Am 21.03.2018 um 09:28 schrieb Daniel Vetter:
On Tue, Mar 20, 2018 at 06:47:57PM +0100, Christian König wrote:
Am 20.03.2018 um 15:08 schrieb Daniel Vetter:
[SNIP] For the in-driver reservation path (CS) having a slow-path that grabs a temporary reference, drops the vram lock and then locks the reservation normally (using the acquire context used already for the entire CS) is a bit tricky, but totally feasible. Ttm doesn't do that though.
That is exactly what we do in amdgpu as well, it's just not very efficient nor reliable to retry getting the right pages for a submission over and over again.
Out of curiosity, where's that code? I did read the ttm eviction code way back, and that one definitely didn't do that. Would be interesting to update my understanding.

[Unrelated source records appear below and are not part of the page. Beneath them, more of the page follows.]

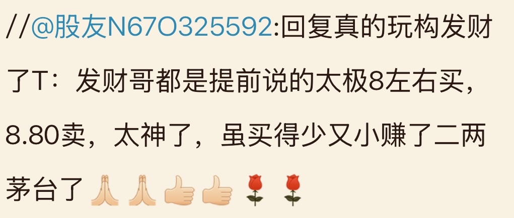 这个兄弟又在太极赚了10%左右,在发财的提醒下!更多的兄弟在中科三环会赚得盆满钵
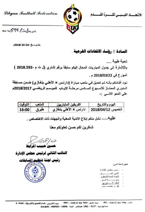 أكدت لجنة تنظيم المسابقات بالاتحاد الليبي لكرة القدم، تغيير مكان مباراة دارنس والأهلي بنغازي.
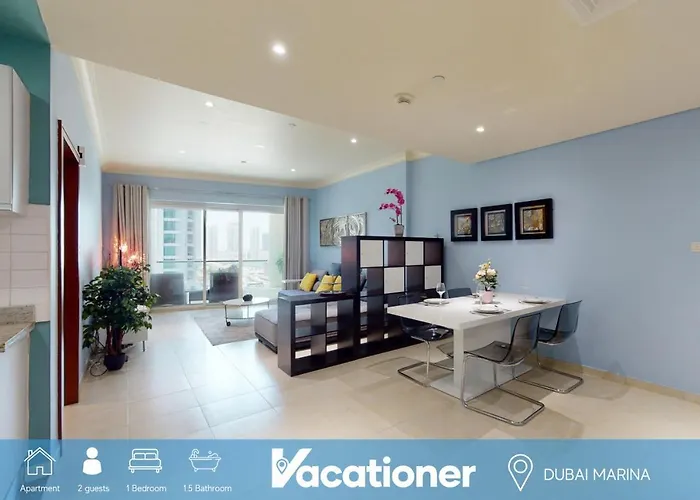 Marina Heights - Unique One Bedroom se sitúa en el vibrante y activo Dubai Marina, famoso por ofrecer una mezcla de entretenimiento y relax que atrae tanto a adultos como a niños. A solo 3 km de The Walk at JBR, este apartamento se convierte en el refugio ideal después de explorar las hermosas playas y las opciones de restauración al aire libre que la zona ofrece.
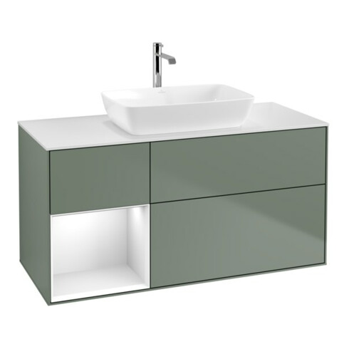inkl. MwSt.V&B Waschtischunterschrank Wandbeleuchtung Finion 120cm, Pl w m, Rg g wh. Lac, Oli. m Lac
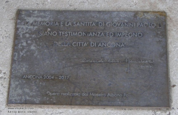 Бронзовий пам’ятник встановлений біля кафедрального собору Анкони у 2017 році на честь Римського папи Іоанна Павла ІІ. Автор – скульптор Альбано Полі.
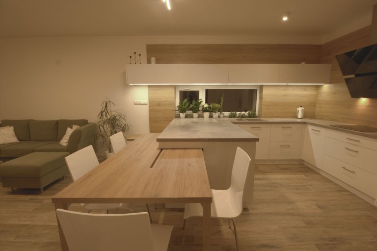 Kuchyně je ve tvaru U a na ní navazující stůl. Stůl je výsuvný a v zasunuté pozici u něj sedí až 4 osoby. Po vysunutí se k němu posadí až 6 osob. Stůl se i otáčí o 90°, což výrazně zvyšuje flexibilitu celého prostoru. Vysoká stěna se spotřebiči je vytažená o nástavce, a s dubovým obkladem tvoří rovinu. Stěna je také předsazena dopředu před kuchyní a celá se tak odlehčila. Pro rozbití plochy, je pod troubou nika pro ukládání vína. Okno za dřezem přímo vybízí k pěstování bylinek. Na ně je za dřezem v desce vana, kterou má paní již bylinkami osázenou.
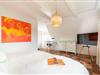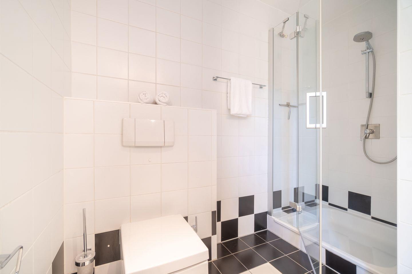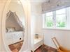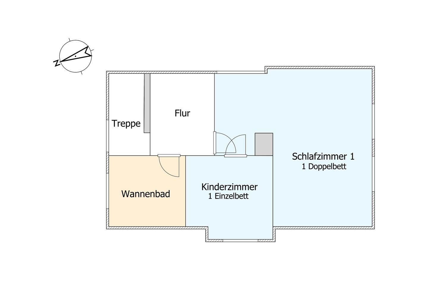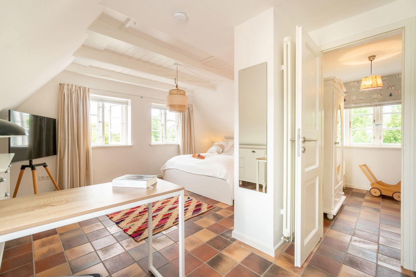 Das Obergeschoss verfügt über ein Doppelbett-Schlafzimmer mit eigenem Fernseher und Arbeitsbereich sowie ein Kinderzimmer mit Alkovenbett, welches über das Doppelbett-Zimmer zu erreichen ist. Zudem befindet sich im Obergeschoss ein weiteres Badezimmer, ausgestattet mit einer Badewanne.
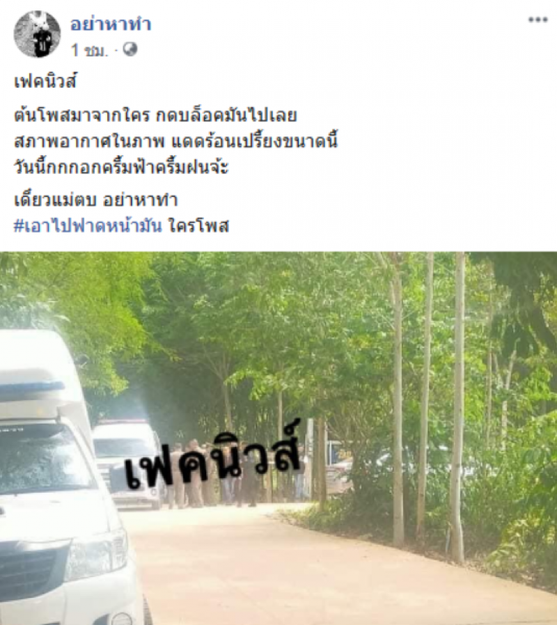 จากที่โลกโซเซี่ยลมีการส่งต่อกันเป็นจำนวนมากสำหรับภาพตำรวจลงพื้นที่บ้านกกกอก ทำให้ต่างก็พากันคิดว่าใกล้จบเกมส์แล้วตำรวจใก้ลคลี่คลายคดีแล้ว หรือเตรียมรอรวบตัวใครหรือเปล่านั้น ล่าสุด เมื่อวันที่ 13 สิงหาคม เพจ อย่าหาทำ ได้โพสต์ข้อความระบุว่า เฟคนิวส์ ต้นโพสต์มาจากใคร กดบล็อคมันไปเลย สภาพอากาศในภาพ แดดร้อนเปรี้ยงขนาดนี้ วันนี้กกกอกครึ้มฟ้าครึ้มฝนจ้ะ
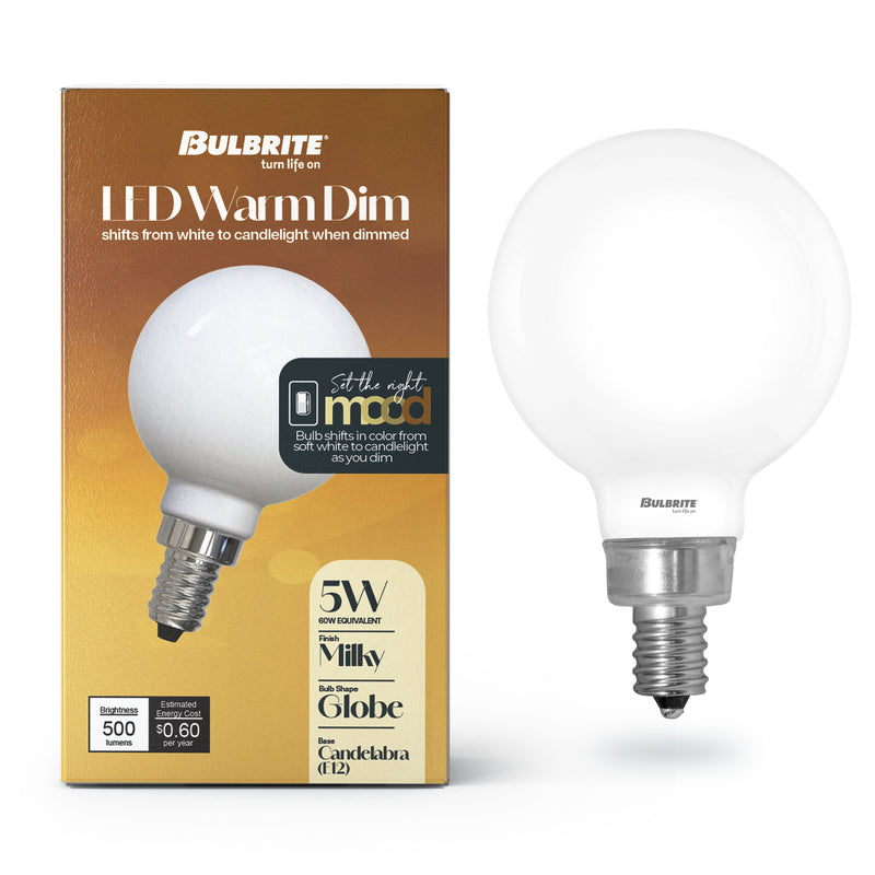 - YOU HAVE TO DIM IT TO BELIEVE IT: The Bulbrite Warm Dim collection features LED bulbs in six shapes that shift in color from soft white to candlelight as you dim them, perfect for replacing the look and feel of incandescent bulbs, compatible with a wide variety of dimmer types.
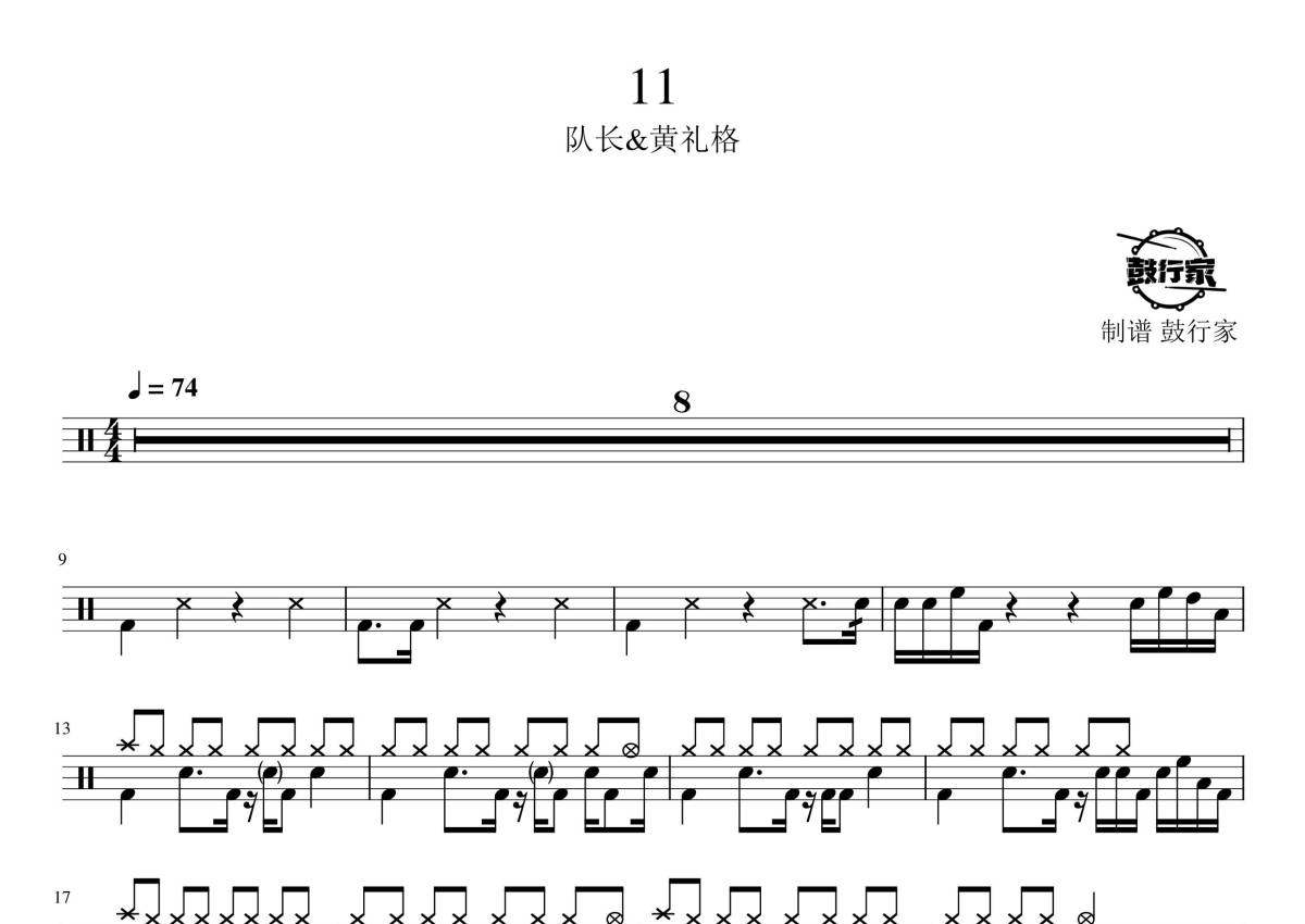 《11》是队长/黄礼格演唱的一首歌曲,拍号为4/4拍,歌曲速度为每分钟74拍,这份鼓谱共有两张高清图谱,图谱由 @鼓行家 编配上传,图谱使用五线谱编配,使用这份11架子鼓谱,你将能够轻松地敲打出这首队长/黄礼格的11,快来尝试吧。
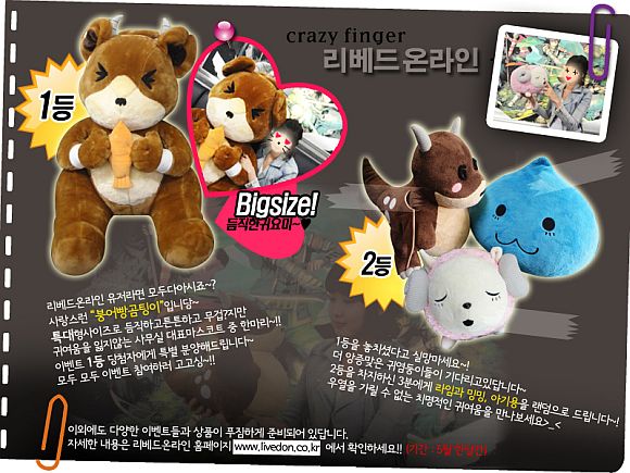 우선 첫번째로 ‘리베드 온라인 출석체크는 이벤트’ 기간 중 `리베드 온라인` 홈페이지에 접속하여 자유게시판에 출석을 위한 글을 남기면 출석체크 응모권을 받고 모아서 캐릭터인형, 캐시 상품권등 원하는 상품에 응모하는 방식의 이벤트이다.

That is in amdgpu_cs.c. amdgpu_cs_parser_bos() does a horrible dance with grabbing, releasing and regrabbing locks in a loop.
Then in amdgpu_cs_submit() we grab an lock preventing page table updates and check if all pages are still the one we want to have:
amdgpu_mn_lock(p->mn); if (p->bo_list) { for (i = p->bo_list->first_userptr; i < p->bo_list->num_entries; ++i) { struct amdgpu_bo *bo = p->bo_list->array[i].robj;
if (amdgpu_ttm_tt_userptr_needs_pages(bo->tbo.ttm)) { amdgpu_mn_unlock(p->mn); return -ERESTARTSYS; } } }
If anything changed on the page tables we restart the whole IOCTL using -ERESTARTSYS and try again.
Regards, Christian.
-Daniel